# Wie mache ich einen Globus??



## badED (18. April 2001)

Hi, ich wollte mal so nen globus mit einer grafik oda nem buchstaben drin machn. nur weiß ich nich wie, könnt ihr mir helfen??


----------



## Nino (6. März 2002)

Neues Bild --> z.b weißer Hintergrund
Einen Kreis Markieren, dann neue Ebene.
In der neuen Ebene, wo der Kreis immer noch markiert ist, ein Muster reinsetzen (z.b Linien).
Der Kreis ist immer noch markiert.
Filter--->Verzerrungsfilter---->wölben

Ich hoffe ich konnte helfen


----------



## silence (6. März 2002)

Da will ich nicht widersprechen, 
aber du bekommst einen guten Globus
auch in jedem gut sortiertem Fachgeschäft, 
z.B: Karstadt oder Dodenhof


----------



## freekazoid (6. März 2002)

silence, alter spassvogel.

naja, ich würd dir ganze sache auch in etwa so machen wie es nino bereits verklickert hat. so vonwegen wölben und auswahl halten und so..
nur würd ich anstatt einfach ner textur wolken nehmen (grün/blau) und diese dann mit den beleuchtungseffekten bearbeiten.

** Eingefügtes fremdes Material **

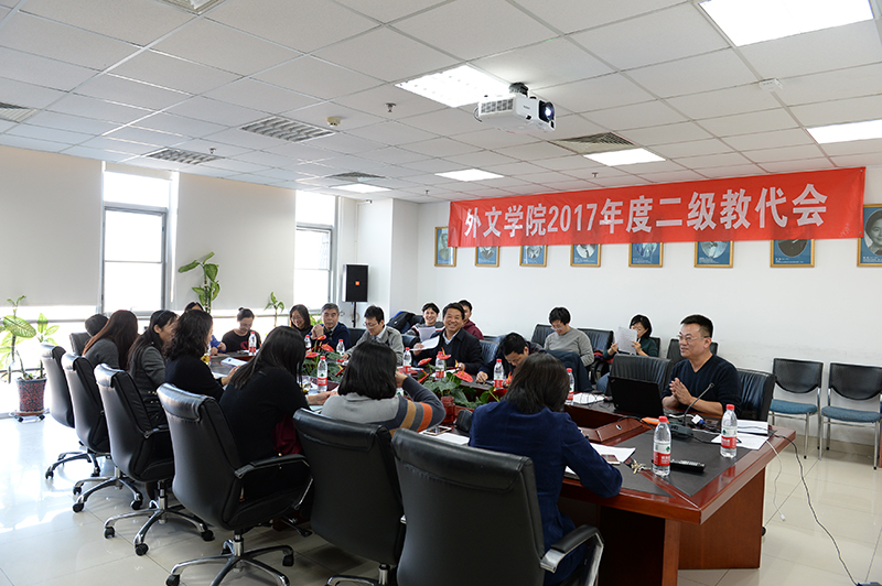 外文学院第一届教代会第二次全体代表会议隆重召开2017-12-202017年12月18日下午,外文学院第一届教职工代表大会第二次全体代表会议在后主楼1020室召开。 -
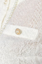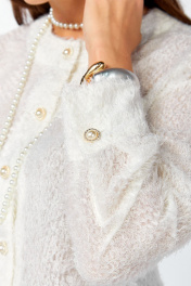 Элегантный женский комплект состоящий из блузки и юбки. Блузка полуприлегающего силуэта выполнена из шифона «травки». Округлый вырез горловины. По переду настрочен нагрудный карман обманка листочка с 1 пуговицей. Спинка со средним швом и талевыми вытачками. Рукав втачной, одношовный на притачной манжете, застежка на 1 пуговицу и петлю . Застежка центральная 5 пуговиц и петель. Юбка с завышенной талией заужена к низу на обтачке выполнена. По переднему полотнищу юбки настрочена карман «листочка». Сзади разрез и застежка на потайную тесьму-молнию. Юбка на подкладке.

so in etwa 2min ist das folgende bild hier entstanden:


----------



## Mythos007 (7. März 2002)

Chellaz zusammen,

diesen Planeten bzw. Globus habe ich mit Hilfe der 
Wolken erstellt die freekazoid eben schon erwähnt 
hat das ganze habe ich dann noch mithilfe der 
Tonwertkorrektur bearbeitet und ein wenig gespiegelt
und gedreht - danach die Gradiationskurven benutzt
um schärfere Konturen zu erzielen - dann habe ich
auf eine der Ebenen einen Beleuchtungseffekt auf 
den Blaukanal angewandt, damit man die Bergstrucktur
erkennen kann - danach habe ich mit dem airbrush die
Wolken gezeichnet und mit Hilfe des Wischfingers 
verwischt - und letztendlich noch den Blendeneffekt
hinzugefügt ... Bis dann dann euer Mythos


----------



## silence (7. März 2002)

Chellaz Mythos!
Congrats! Sieht geil aus!


----------



## subzero (8. März 2002)

*wozu..?*

hallo...wozu brauchste den globus..????
ich mein... der von mythos is schön...nur do globuse sehen ja eigenltlich nich so dolle aus oder...??


----------



## fuchs_derHase (8. März 2002)

aloa!!!

hey myhtos, kannste des mal langsam und in einzelenen schritten vielleicht mit bildern als tutorial posten????
... wenns so eins noch nich gibt ...
wär ziemlich geil!

frage an alle:
   wo issn die spielwiese hin wie früher?
   war schon ne ewigkeit nich mehr auf tutorials!
is jetzt viel zu groß, aber egal
an das tutorials.de team: gibts noch nen account namens nastradamus?
war mal bzw. ist meiner


----------



## draGY (8. März 2002)

Also falls et net en tut (auf deutsch) hier irgendwie gibt wäre et echt ma cool sowat zu wissen. Weil kann man ja dann auch für andere Zwecke verwenden.


----------



## addïct (9. März 2002)

@fuchs_derHase
Die Spielwiese ist umgezogen: http://www.fettepixel.de/


----------



## freekazoid (9. März 2002)

hey leute, warum braucht ihr hier immer für alles n' tutorial?
klar, es sind grünschnäbel hier aktiv, ist mir klar.
aber für jeden quatsch so n'tutorial...nee. selbst probieren ist die devise. bringt VIEL mehr


----------



## fuchs_derHase (9. März 2002)

*poser!!*

@ freekazoid

warum nich?
heißt die seite tutorials.de oder nicht?
verstehst du t u t o r i a l s!
sorry, aber du kommst mir ziemlich eingebildet vor!
den kommentar hättest du dir sparen können!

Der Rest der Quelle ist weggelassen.